Незримая зыбкая сила подчинила его себе, лишает воли, заставляет его вести себя так, как и непохоже вовсе на него, а он только радуется этому, с удовольствием слушая веселый смех Камиллы. Да ещё и смеётся с ней вместе, вторит. Нравится это ему, значит. А раз нравится, и он принимает всё таким, какое оно здесь есть, значит, он тем более должен не сдаваться, а лишь проявить побольше восточной хитрости, столь помогающей идти к своей цели путем использования искусства компромиссов и кажущихся отступлений, позволяющих, на самом деле, не только удержать позиции, но и продвинуться далеко вперед, пока противник полагает, что ты не можешь сдвинуться с места.

     А то, что противник есть, Аслан-бек не сомневался. Жизнь приучила его к мысли, что противник есть всегда. Всегда на границе сталкивающихся интересов. И где же ещё, как не в закулисном мире театра сталкивается столько разнообразных интересов стольких обуянных амбициями людей?

     Театр – как модель мира в миниатюре.

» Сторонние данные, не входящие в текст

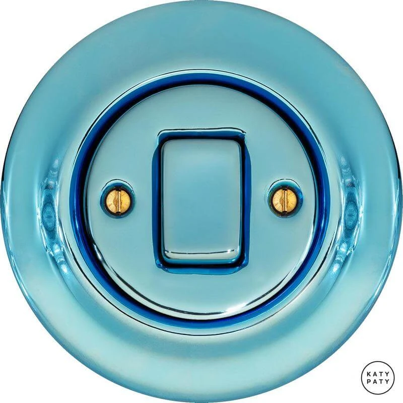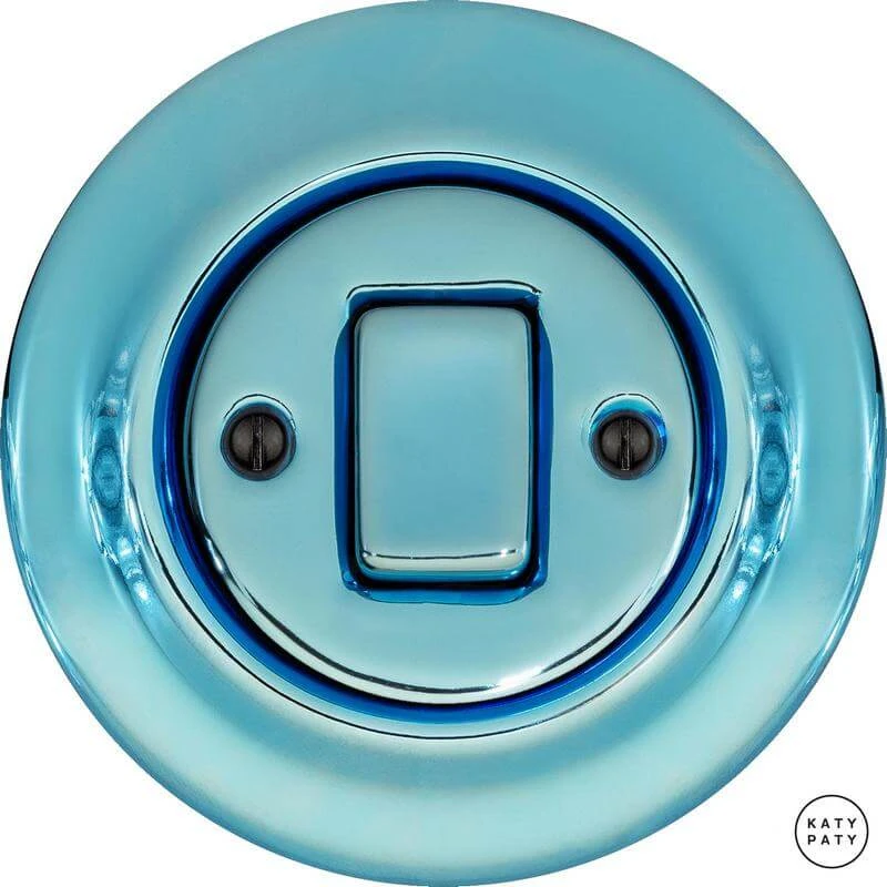 Ретро выключатель PECAGW7 цвет голубой металлик от чешского бренда Katy Paty изготовлен вручную из фарфора. Данная модель выглядит презентабельно и отлично дополнит интерьер как в современном, так и в ретро стиле. Дизайнерский выключатель Katy Paty отличается функциональностью и простотой в использовании. Данная модель разработана с учётом всех современных требований и соответствует европейским стандартам.Винтажный выключатель PECAGW7 цвет голубой металлик прекрасно сочетается в комплектации с электротоварами для скрытого монтажа. Модель идёт в комплекте с фарфоровой рамкой, шурупы представлены в четырёх цветах на выбор: нержавейка, черный, серебро, латунь.

     Театр полон интриг, зависти. Происки и утраченные иллюзии, жестокая конкуренция и протекционизм, группировки возникают и распадаются в зависимости от изменения ситуации, показная дружба легко оборачивается подсиживанием и злословием, обиды перерастают в месть. Да что говорить! Всё сказано давно. Значит, разгадку искать нужно здесь, в театре. Главное – определить настоящего противника, правильно выделить его среди случайной толпы. Предмет его тревог и упоительных надежд окружает масса людей. Она связана с ними общей работой, сложными общественными и светскими взаимоотношениями. Да и родственников нельзя сбрасывать со счетов.

      Тут Аслан вспомнил, что он почти ничего не знает о родне мадмуазель Фонтейн. Девушка никогда не рассказывала о своих родителях, а он не задавал ей вопросов, поскольку его это не интересовало. До поры до времени, пока Аслан не понял, что готов рассматривать свои отношения к девушке как серьезные, он не заботился узнать её происхождение. И знакомиться с родней ему было ни к чему. Однако теперь…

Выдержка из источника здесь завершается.